## What you will do
What you return must match the records below exactly, apart from the omitted pictures.

## Entries supplied
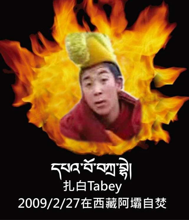 1、扎白:安多(今四川省阿坝藏族羌族自治州)阿坝县格尔登寺僧人,20岁。于2009年2月27日在阿坝县城点火自焚,并高举有西藏国旗和尊者达赖喇嘛的照片,遭中共军警枪击致残并被带走,至今不知下落,生死不明。
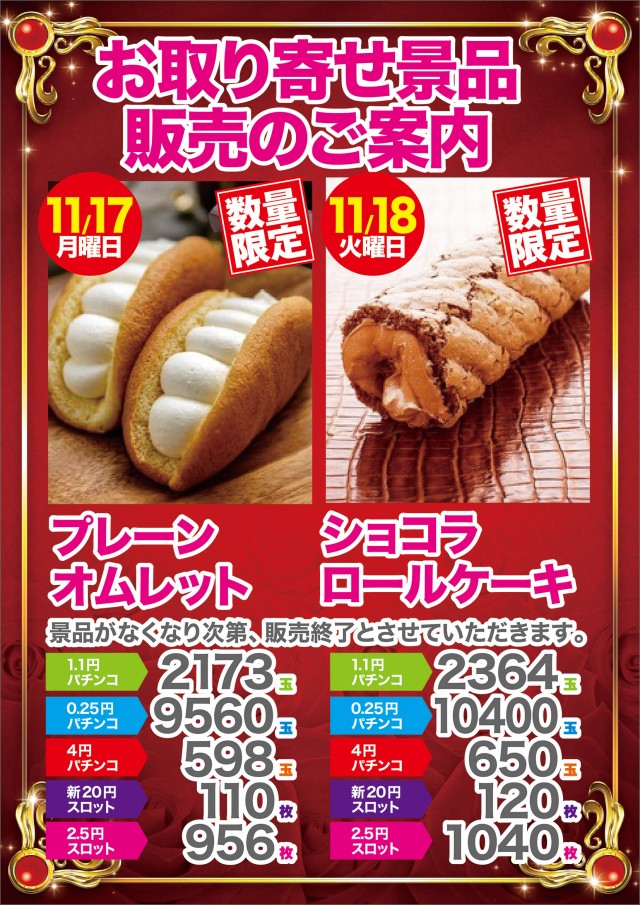 1位 11月22日(土) 2位 11月24日(月) 3位 11月8日(土)
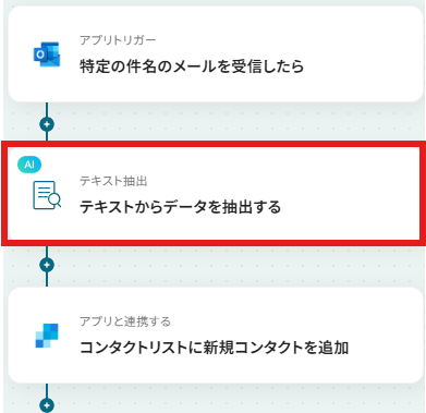 ステップ4:AIでデータを抽出する 次にAIで受信メールのテキストからデータを抽出していきます。 「テキストからデータを抽出する」をクリックしてください。
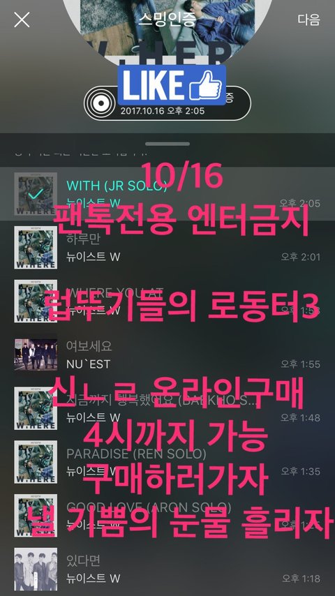 ✔✔자 또 정리!!지금부터 6시까지 5천명 안에 들어갈 수 있는 기회를 준대. 봐바. 너가 러브야. 근데 딱 지금부터 6시까지만 앨범 살 수 있어? 그럼 사 안사? 섣불리 사야지. 너 5천명 안에 들게 해준다니까??? 너 그럼 20만장 팔린 가수 덕질하는 성덕이야 . 20만장 넘기고 같이 울지 않을래 럽들? 이번이 마지막 기회야 ❤️❤️❤️ 내일 하고 싶어도 못해 돈 더준대도 못해 사랑해 럽❤️❤️
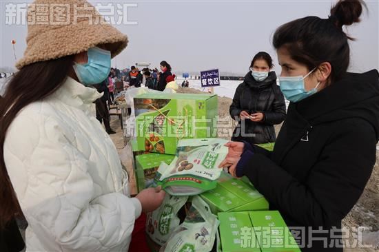 2022年12月30日,游客在乌什县依麻木镇托万克麦盖提村冰雪场上选购当地农副产品。
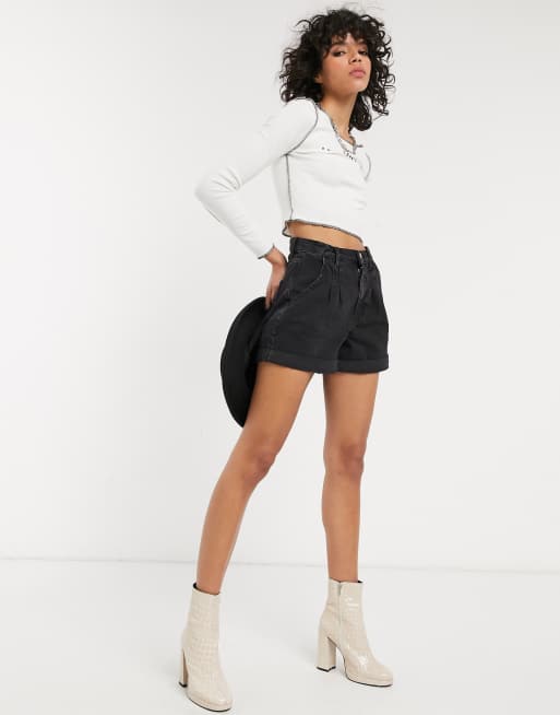 Topshop roll hem denim shorts in washed black Very well made.
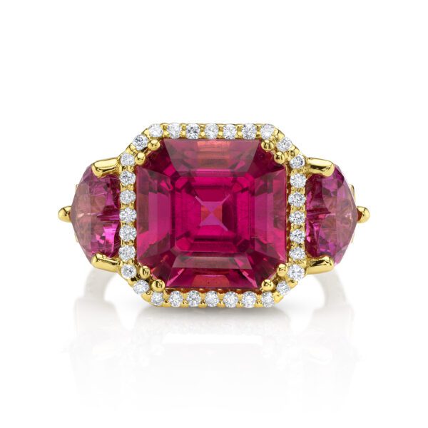 Erica Courtney presents 18K Yellow Gold “Three Stone” ring, featuring a 7.76ct Rubellite, 3.78ctw Heart Shape Rubellites, accented with 1.70ctw Diamonds.
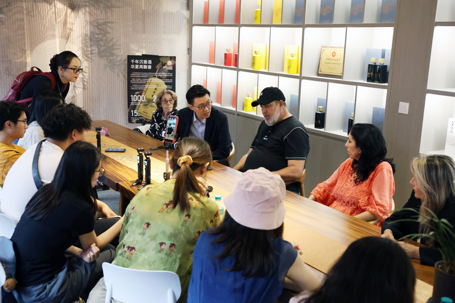在乐艺术空间,外宾们观摩了古今中西蛇的图腾。
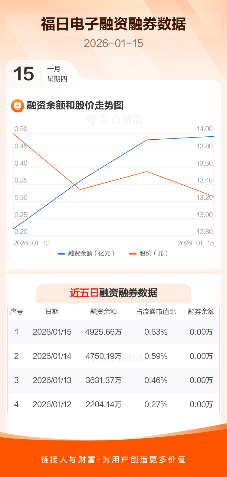 交易所最新数据显示,福日电子于2026年1月15日获融资买入1702.09万元,融资偿还1526.62万元,当日融资净买入175.47万元。目前,该股融资余额4925.66万,占流通市值比例为0.63%。
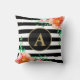 Schwarz-weißer Streifen aus Aquarellgoldmonogramm Kissen
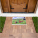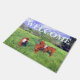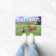 Este tapete tem um grupo de adoráveis primavera vitelos e a palavra bem-vindos no topo perfeito para o amante das vacas ou para o degrau da porta dos agricultores.
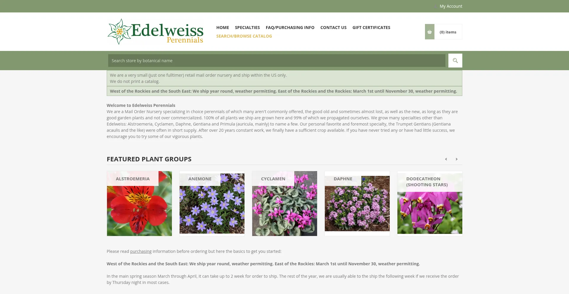 分析表明 edelweissperennials.com 作为电子商务平台运营,促进商品或服务的在线交易。该网站实现了购物车功能、支付处理系统和产品目录功能,这些是商业零售运营的典型特征。
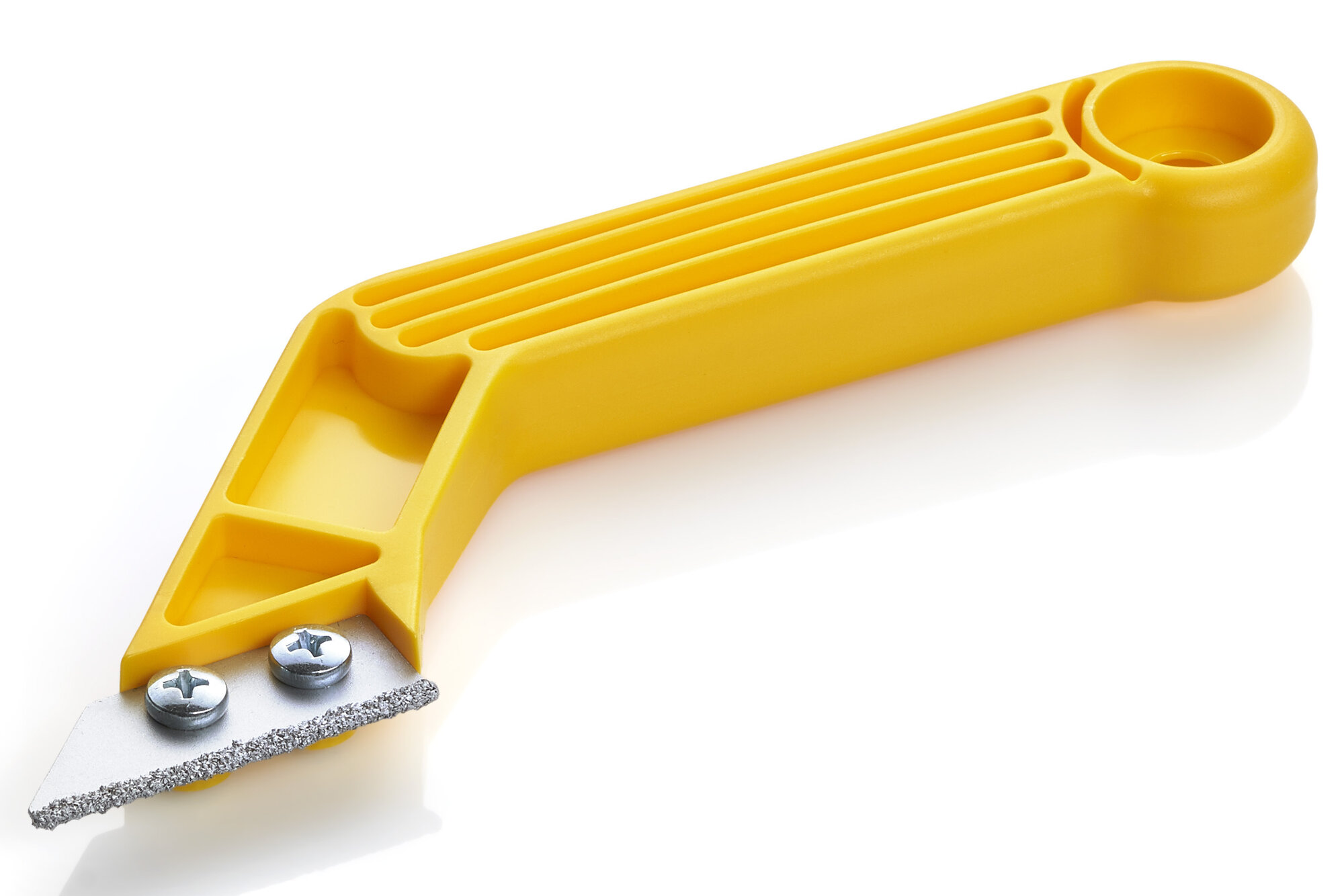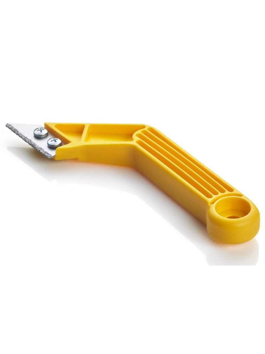 **Нож для очистки межплиточных швов Makers 40 мм** — удобное и практичное приспособление в виде скребка, дополненного пластиковой ручкой, которая легко ложится в руку и не соскальзывает в процессе работы. Прочное лезвие из инструментальной стали с режущей поверхностью надежно зафиксировано на корпусе изделия. С его помощью можно эффективно расшить старые кафельные швы и удалить затирку, которую требуется заменить. Ручка изготовлена из полипропилена — на ее конце предусмотрено небольшое отверстие для подвешивания инструмента.

## Task output
 1、扎白:安多(今四川省阿坝藏族羌族自治州)阿坝县格尔登寺僧人,20岁。于2009年2月27日在阿坝县城点火自焚,并高举有西藏国旗和尊者达赖喇嘛的照片,遭中共军警枪击致残并被带走,至今不知下落,生死不明。
 1位 11月22日(土) 2位 11月24日(月) 3位 11月8日(土)
 ステップ4:AIでデータを抽出する 次にAIで受信メールのテキストからデータを抽出していきます。 「テキストからデータを抽出する」をクリックしてください。
 ✔✔자 또 정리!!지금부터 6시까지 5천명 안에 들어갈 수 있는 기회를 준대. 봐바. 너가 러브야. 근데 딱 지금부터 6시까지만 앨범 살 수 있어? 그럼 사 안사? 섣불리 사야지. 너 5천명 안에 들게 해준다니까??? 너 그럼 20만장 팔린 가수 덕질하는 성덕이야 . 20만장 넘기고 같이 울지 않을래 럽들? 이번이 마지막 기회야 ❤️❤️❤️ 내일 하고 싶어도 못해 돈 더준대도 못해 사랑해 럽❤️❤️
 2022年12月30日,游客在乌什县依麻木镇托万克麦盖提村冰雪场上选购当地农副产品。
 Topshop roll hem denim shorts in washed black Very well made.
 Erica Courtney presents 18K Yellow Gold “Three Stone” ring, featuring a 7.76ct Rubellite, 3.78ctw Heart Shape Rubellites, accented with 1.70ctw Diamonds.
在乐艺术空间,外宾们观摩了古今中西蛇的图腾。
 交易所最新数据显示,福日电子于2026年1月15日获融资买入1702.09万元,融资偿还1526.62万元,当日融资净买入175.47万元。目前,该股融资余额4925.66万,占流通市值比例为0.63%。
 Schwarz-weißer Streifen aus Aquarellgoldmonogramm Kissen
 Este tapete tem um grupo de adoráveis primavera vitelos e a palavra bem-vindos no topo perfeito para o amante das vacas ou para o degrau da porta dos agricultores.
 分析表明 edelweissperennials.com 作为电子商务平台运营,促进商品或服务的在线交易。该网站实现了购物车功能、支付处理系统和产品目录功能,这些是商业零售运营的典型特征。
 **Нож для очистки межплиточных швов Makers 40 мм** — удобное и практичное приспособление в виде скребка, дополненного пластиковой ручкой, которая легко ложится в руку и не соскальзывает в процессе работы. Прочное лезвие из инструментальной стали с режущей поверхностью надежно зафиксировано на корпусе изделия. С его помощью можно эффективно расшить старые кафельные швы и удалить затирку, которую требуется заменить. Ручка изготовлена из полипропилена — на ее конце предусмотрено небольшое отверстие для подвешивания инструмента.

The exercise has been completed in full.